As the time drew near for me to leave Washington on the first leg of my journey
to Guinea, I learned that arrangements had been completed for the delivery to Guinea-at
intervals yet to be determined-of a gift from the U.S. of 5,000 tons of rice and
3,000 tons of flour. This news encouraged me as evidence that America was interested
in the welfare of the people of Guinea. I was to discover a short time later that
on the day of the arrival in Conakry, Guinea, of the first shipment of American
rice, 5,000 tons of rice donated by Communist China were already stored in Guinean
warehouses.
It was disappointing to learn that the State Department was in a position to allot
only three scholarships for Guinean students to come to American educational institutions.
One official felt that such grants served only to make foreign students more satisfied
with their own country and less willing to return home. For my part, I was thoroughly
convinced of the importance of the cultural exchange program, and especially of
any program that would bring Guinean students to America, where they could profit
from our excellent educational facilities and from personal contact with Africans
of all races. I felt that a way must be found to enable Guinean students to study
in institutions other than those in Communist bloc countries. I tried repeatedly
before leaving Washington to secure a larger number of grants, but did not succeed.
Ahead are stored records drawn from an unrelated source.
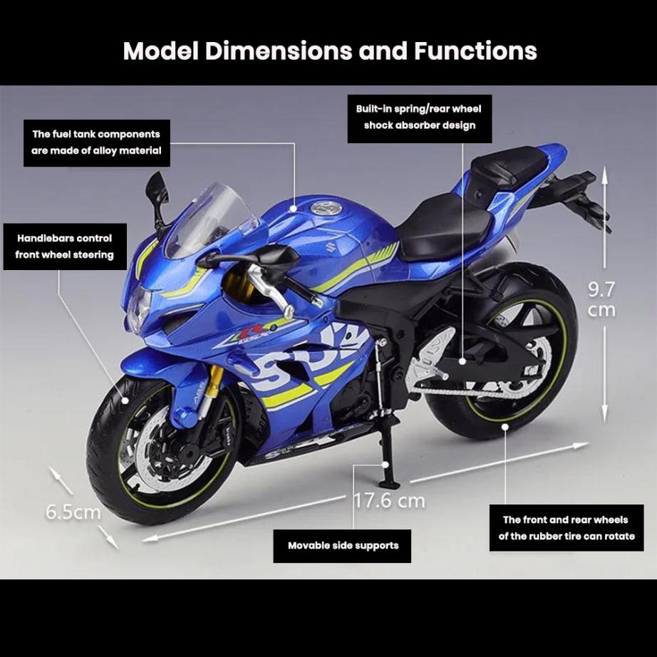 This Suzuki GSX-R1000 die-cast model blends authentic superbike aesthetics with functional miniature features, making it a standout piece in any motorcycle model collection. 🏍️🔥
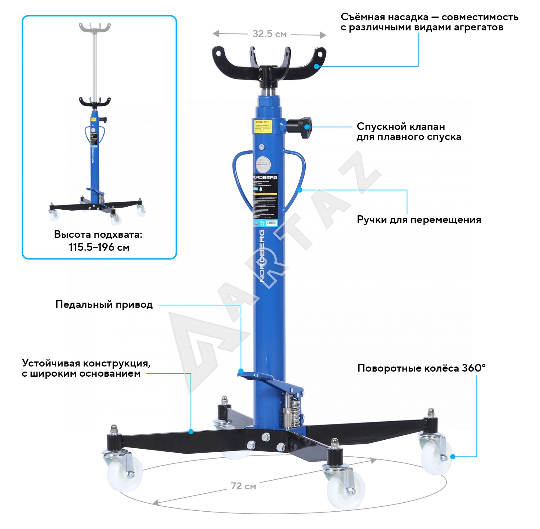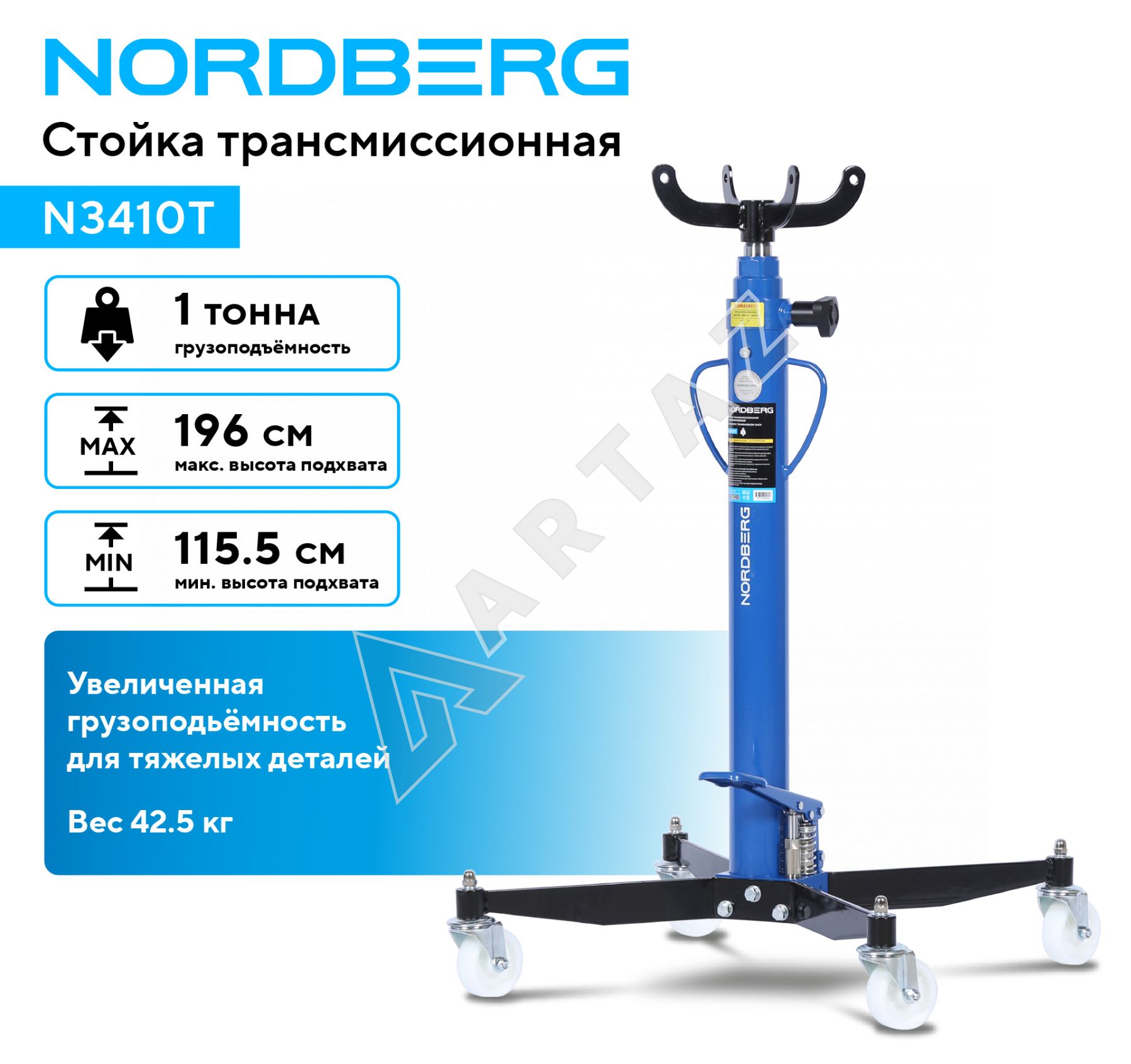 Гидравлическая стойка Nordberg N3410T с грузоподъемностью 1 тонна предназначена для подъема и фиксации трансмиссионных узлов в условиях автосервиса, станций техобслуживания и автотранспортных предприятий. Она оптимальна для работы с КПП, мостами и другими агрегатами легковых и коммерческих автомобилей.
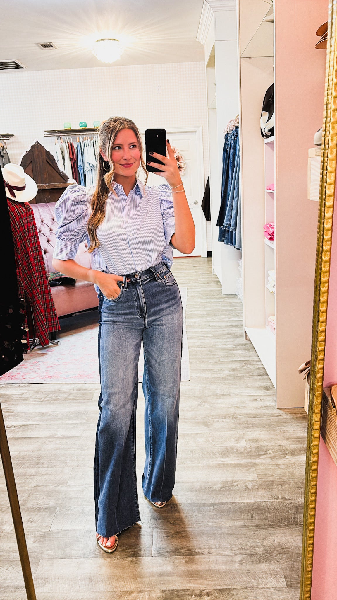 Strut your stuff in this charming collared blouse that's equal parts preppy and playful! The short puff sleeves add a flirty touch while the classic striped pattern keeps things fresh and versatile. Perfect for dressing up casual jeans or pairing with your favorite skirt, this blue beauty works overtime in your wardrobe. Whether you're heading to brunch or the office, you'll feel confident and put-together. A timeless piece that proves stripes never go out of style!
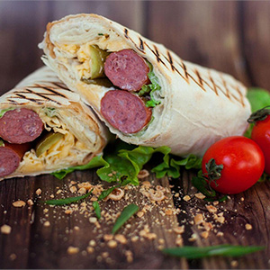 Мини-рулеты из ветчины с сыром «Эдам» и чесноком

To those who persisted in asking me if I did not feel that I was bein- sent into
a rather hopeless situation, particularly since the Communist bloc countries had
a nine-month advantage, I replied with an unhesitating No. The Communist bloc countries
had had nine months in which to make mistakes. My only hope was that the Guineans
were becoming increasingly conscious that the Communists were not twelve feet tall.
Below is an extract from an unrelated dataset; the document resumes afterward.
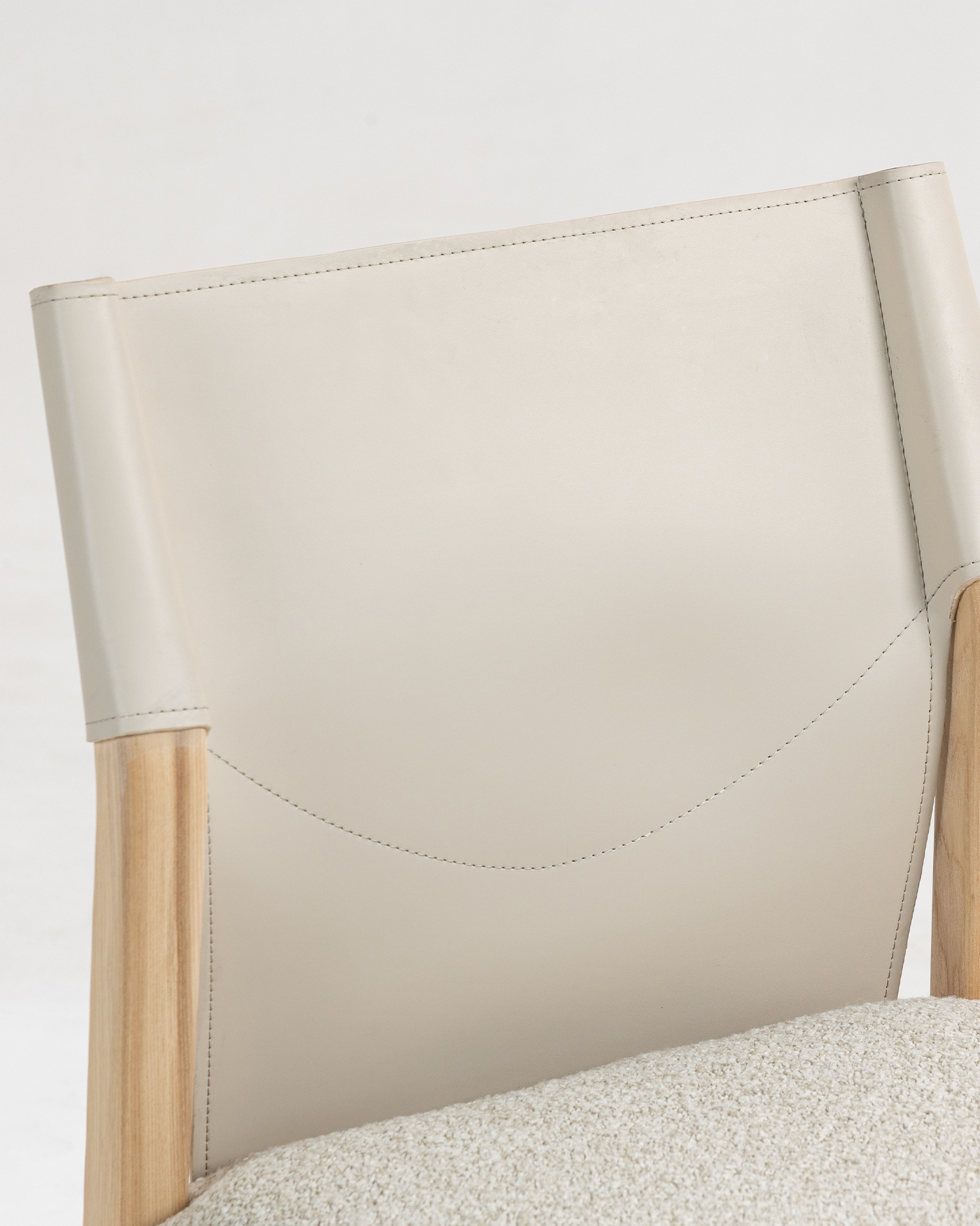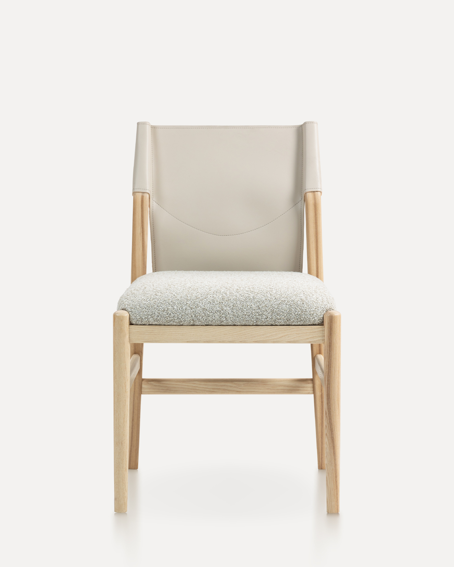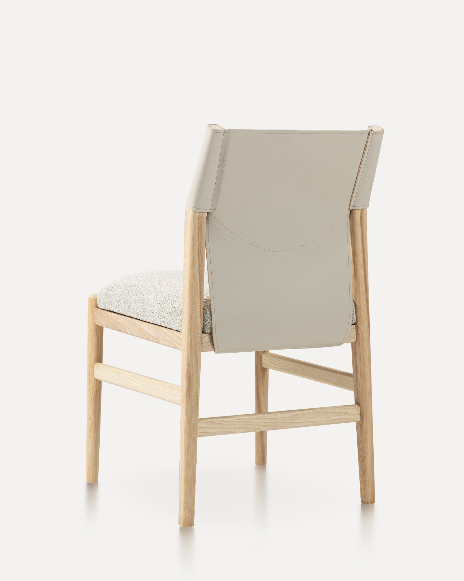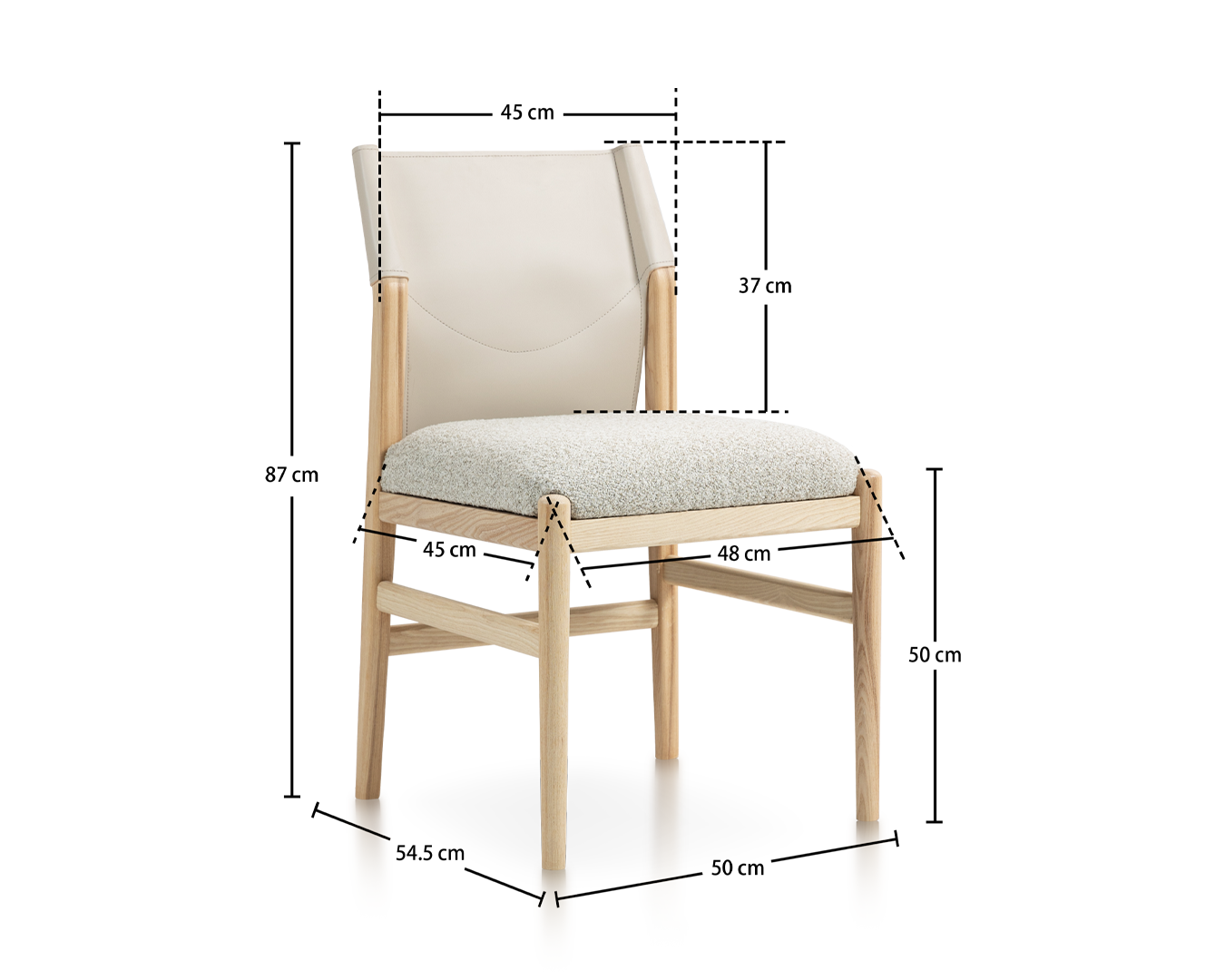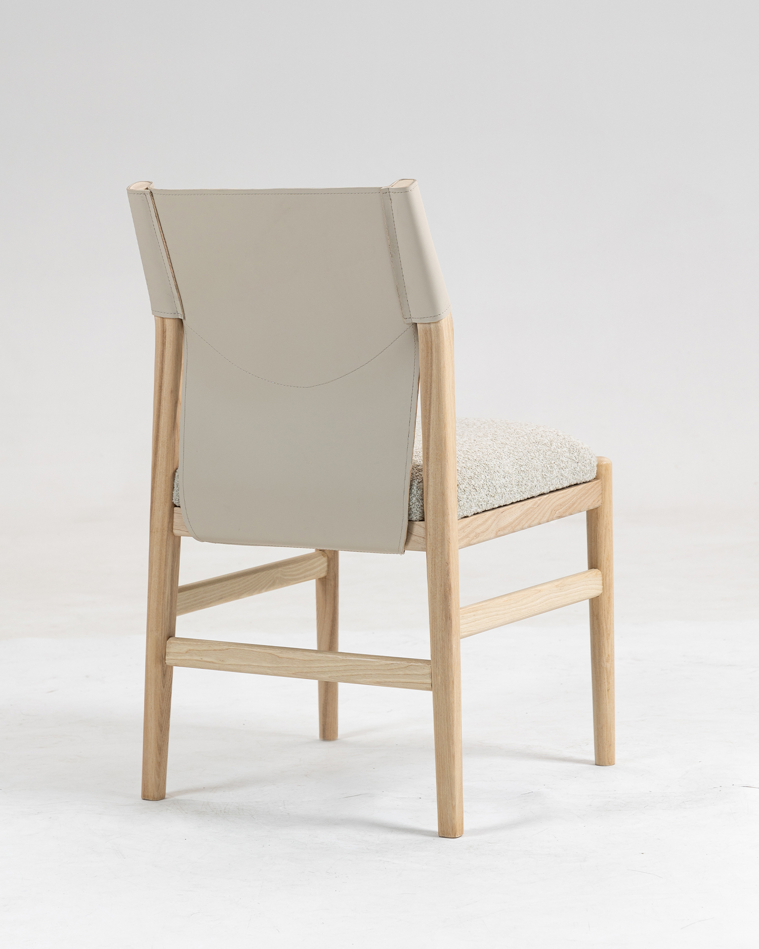 • Den ramme, der er udformet af asketræ af høj kvalitet, viser materialets naturlige skønhed og holdbarhed med dets glatte finish og subtile kornmønstre, der tilføjer varme til ethvert indvendigt rum. Sadel læderrygglæn giver et luksuriøst touch, der tilbyder både stil og support. Dens smidige struktur og rige farve supplerer stolens overordnede design, hvilket gør det til et ideelt valg for dem, der værdsætter fint håndværk.

The liaison officers at the State Department arranged for me to make a courtesy
call on President Eisenhower before my departure from Washington. It was during
this call that I learned that arrangements were under way for a state visit by
President Touré to the United States in October of 1959. President Eisenhower
assured me that the United States would go all out to make
the visit a success.
He made certain observations on the problems confronting the United States in Africa
as well as in Guinea. He emphasized the interest which our country had in the new
African republic and asked me to convey this to President Touré. He reminded
me that I was to be his personal representative in the Republic of Guinea and that
no visiting American, regardless of rank, would outrank me in that regard. The
President said that he had received excellent reports about my appearances before
the Senate Committee on Foreign Relations and before numerous officials in the
various governmental agencies responsible for briefing me. The President appeared
to be in good spirits and in excellent health as he talked in a relaxed fashion,
seated at his desk with his back to Pennsylvania Avenue, where the traffic moved
in a continuous now. As I rose to leave, I realized that I would not see the President
again until October. I was hoping that things in Guinea would have taken a turn
for the better by that time.
I left Washington and returned to Durham to complete the inevitable last-minute
packing. My family and I then drove to New York.
As we boarded the United States in New York on the morning of July 16 for the first
part of our journey to Guinea, the only one who felt sad about our departure was
my son John, Jr. He had had to leave behind his Irish setter, Kim. It was not until
the very last moment that John had consented to turn Kim over to a professor at
the University of North Carolina in Chapel Hill, the father of three children who
wanted a dog badly.
I was not the happiest person in the world as I set out on this mission, because
my Government had not yet decided upon a firm policy as far as Guinea was concerned.
I resolved to overcome this handicap by maintaining a foot-in-the-door position,
while attempting to win the confidence and the respect of the President of the
Republic of Guinea, his Government and his people.